** WORK INSTRUCTION **
Go through the listing below and output exactly the line with "用户期待平台提升项TOP3:减广告、增精品、保真实", the line with "Woman walking with", and each line between; omit the rest.

** DATASET EXCERPTS **
+ + + + + + +

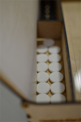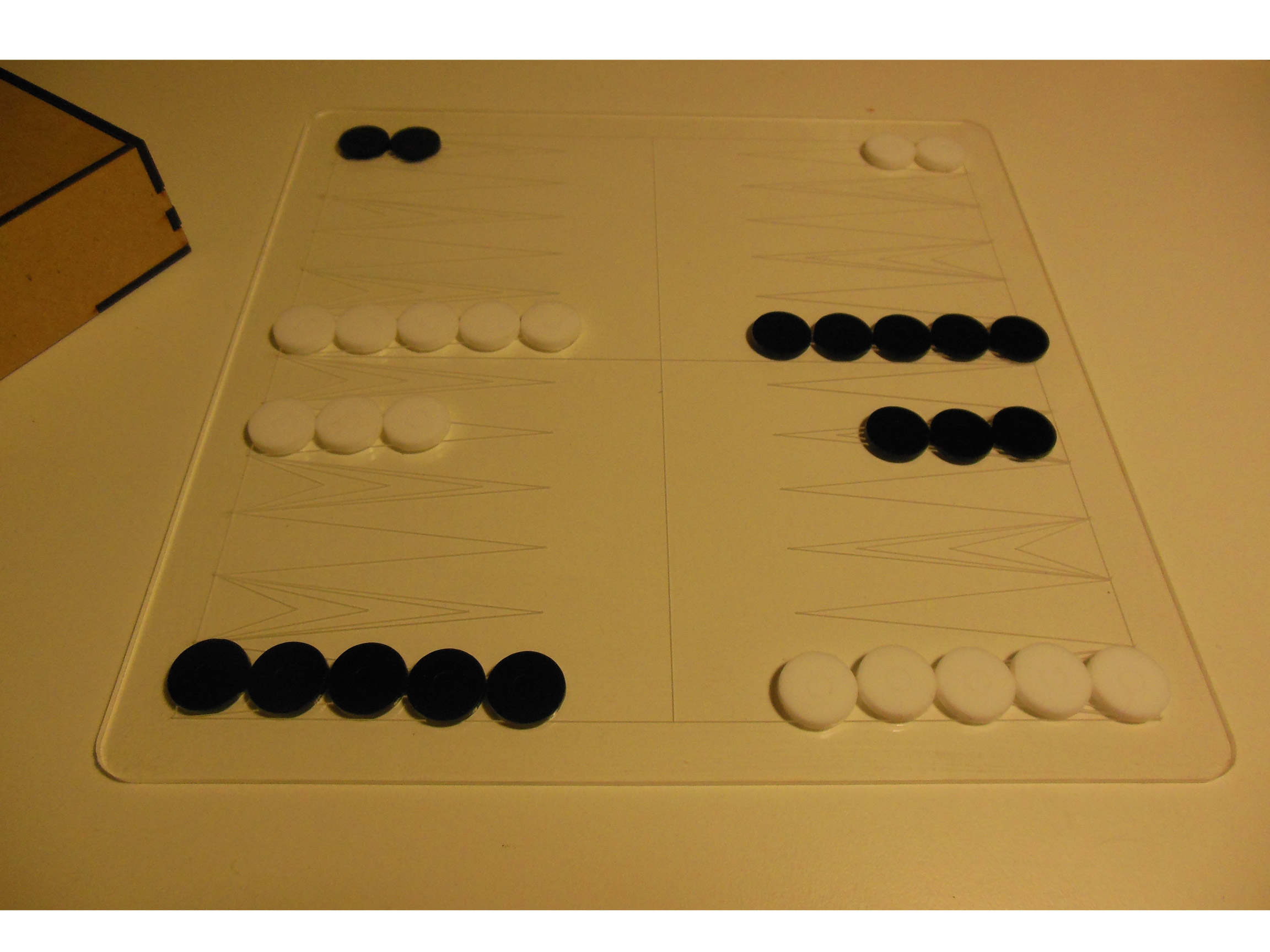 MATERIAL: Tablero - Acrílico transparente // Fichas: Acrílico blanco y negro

+ + + + + + +

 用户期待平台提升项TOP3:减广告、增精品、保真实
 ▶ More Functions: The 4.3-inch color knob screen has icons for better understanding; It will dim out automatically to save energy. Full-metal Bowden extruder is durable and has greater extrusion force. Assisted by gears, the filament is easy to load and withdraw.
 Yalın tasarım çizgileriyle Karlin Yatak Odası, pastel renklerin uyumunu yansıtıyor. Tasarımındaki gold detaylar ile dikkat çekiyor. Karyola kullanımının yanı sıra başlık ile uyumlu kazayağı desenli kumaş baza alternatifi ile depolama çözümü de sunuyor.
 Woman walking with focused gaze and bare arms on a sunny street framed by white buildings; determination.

+ + + + + + +

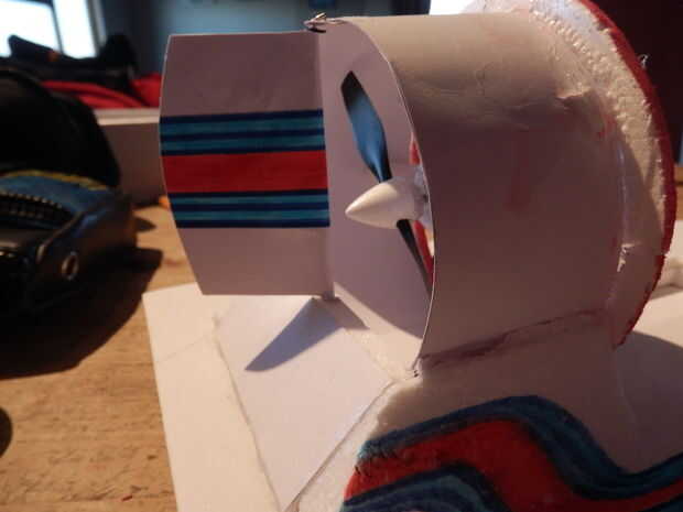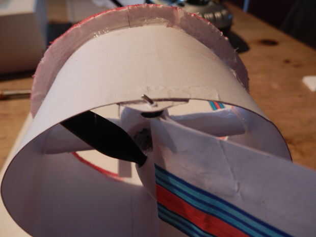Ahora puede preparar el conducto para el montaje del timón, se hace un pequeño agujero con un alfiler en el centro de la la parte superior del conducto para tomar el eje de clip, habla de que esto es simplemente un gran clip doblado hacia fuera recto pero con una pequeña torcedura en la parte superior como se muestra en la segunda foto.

+ + + + + + +

** REPLY TO THE TASK **
 用户期待平台提升项TOP3:减广告、增精品、保真实
 ▶ More Functions: The 4.3-inch color knob screen has icons for better understanding; It will dim out automatically to save energy. Full-metal Bowden extruder is durable and has greater extrusion force. Assisted by gears, the filament is easy to load and withdraw.
 Yalın tasarım çizgileriyle Karlin Yatak Odası, pastel renklerin uyumunu yansıtıyor. Tasarımındaki gold detaylar ile dikkat çekiyor. Karyola kullanımının yanı sıra başlık ile uyumlu kazayağı desenli kumaş baza alternatifi ile depolama çözümü de sunuyor.
 Woman walking with focused gaze and bare arms on a sunny street framed by white buildings; determination.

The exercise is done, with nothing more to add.